Sprint, which boasts 1 million mobile-video-capable subscribers, launched pay-per-view movies from Disney, Lionsgate, Sony and Universal in September, and has gone so far as to create its own broadcast network for sports and entertainment news.
European invasion
Things are somewhat different in Europe, where folks can buy "unlocked" phones that they can program to work with a variety of competing services. Still, analysts say European operators (among them O2, Orange, T-Mobile and Vodaphone) all are jockeying for an iPhone exclusive.
Apple -- which plans a Europe market bow later this year, followed by an Asia intro -- looks to sell 10 million iPhones worldwide through 2008, roughly 1% of the world's projected cell phone population.
Haters have chided Apple for not making its new device compatible with third-generation (3G) cell networks, which boost mobile content download speeds. But they make a moot point, for iPhone users presumably will load most of their songs and videos from their computer, rather than over an operator's network.
What's more, 3G comprises a fraction of the U.S. mobile subscriber base -- just 6.6% of an estimated 239.5 million users in 2007, according to IDC. Stateside subscribers "don't know whether they have 3G or 2.5G; it's only us in the industry that know," says Giusto, who adds he nevertheless "wouldn't be surprised" to see the iPhone support 3G out of the gate in Europe and Asia.

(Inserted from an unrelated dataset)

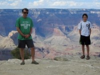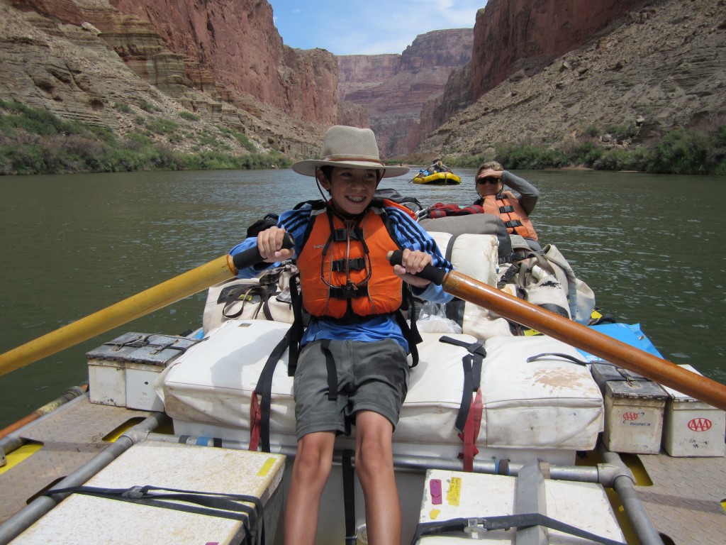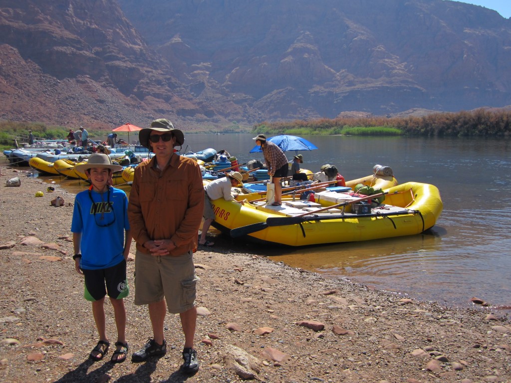 通常情况下,OARS 的最低年龄要求是 12 岁。我们当时参加的时候,我儿子 11 岁半。所以我申请了例外。我向 OARS 保证,他游泳很好,可以徒步走出峡谷,这一点可以从他 10 岁时我们俩在惠特尼山顶峰的照片(ULR 图片)中看出。其实我更想去大峡谷的第二段,但 OARS 同意让 Aidan 去,前提是我们要换到第一段,因为那里的急流比较缓和。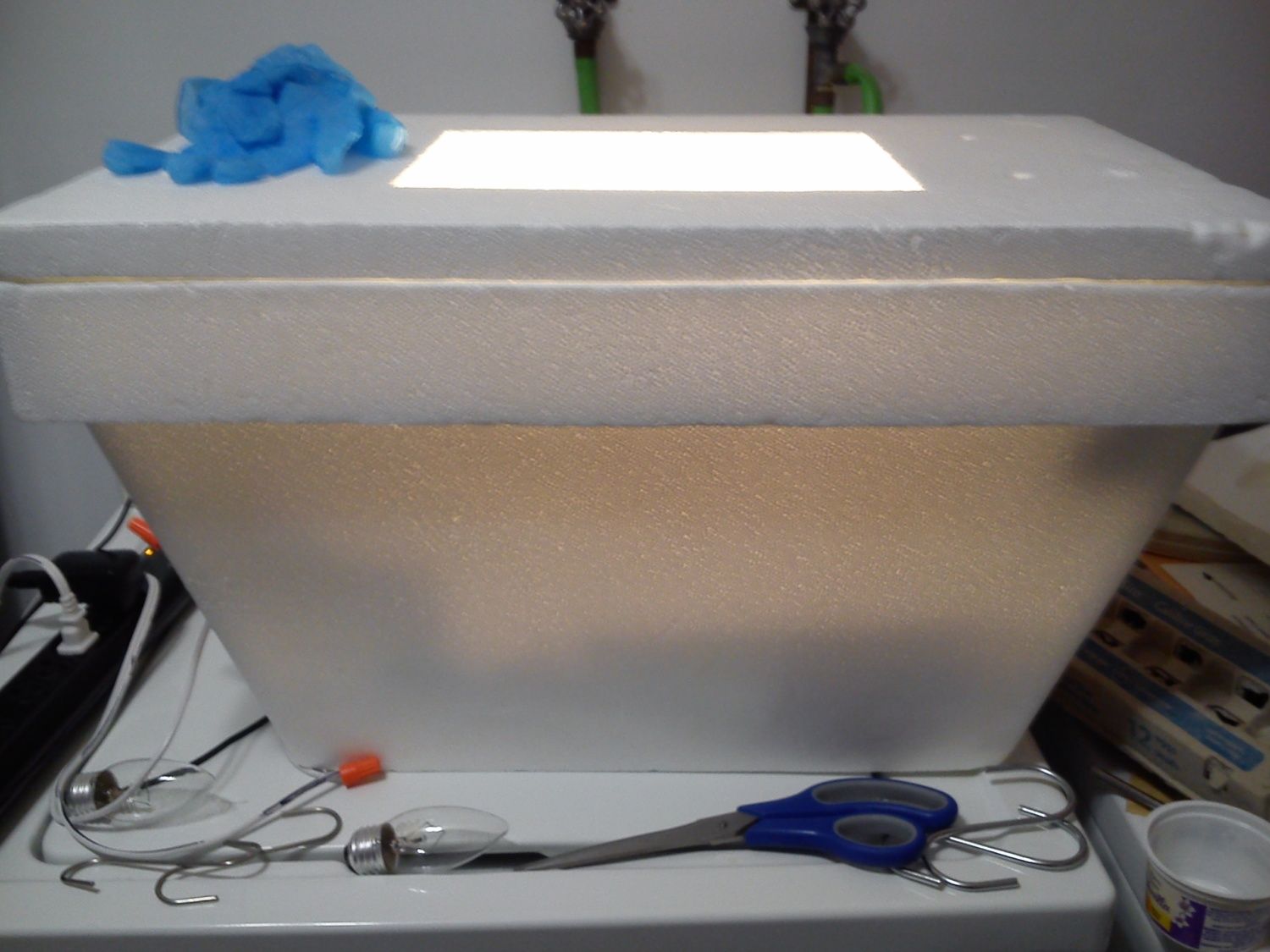 My incubator is a basic Styrofoam cooler. Unfortunately it's too small for a turner if you like using turners. It uses a wafer thermostat because that's all I could get at that time without ordering one in. Time was a factor because the eggs were 2.5 weeks old when I started building the incubator. I wired it using 2 pigtail sockets which run 2- 25 watt bulbs. I bought a 6 inch $7 fan from Walmart for circulation and voila, that's the main components. The fan is a bit of overkill, but I wanted something quick to use at the time. I'd never wired before and I felt a bit intimidated about sourcing and wiring a computer fan. I believe I may have a cool spot under the fan (I didn't use the area under the fan last year) so that's something I need to determine and fix if needed. Pics are worth a thousand words so here's pics...

That could keep firms like Hutchison -- a mobile content leader in the U.K., whose popular "3" service is exclusively 3G -- in the running for iPhone rights.
In every major wireless market, Apple's move likely will spur responses from device makers and operators alike. It remains anyone's guess as to whether any of these new products -- the iPhone among them -- will in turn help songs, TV episodes and movies to supplant ringtones and screensavers as mobile content revenue leaders.
Worldwide, analyst Giusto says, operators tend to usher in their mobile content add-ons "with a lot of marketing buzz;" the new services gain a following "in the first couple of months, or maybe over a quarter or two, and then they kind of peak. There's always that cream-of-the-crop subscriber who will continue to use (mobile content extras), but a large percentage of the subscriber base -- over 50%, sometimes (as high as) 80% -- just don't go there."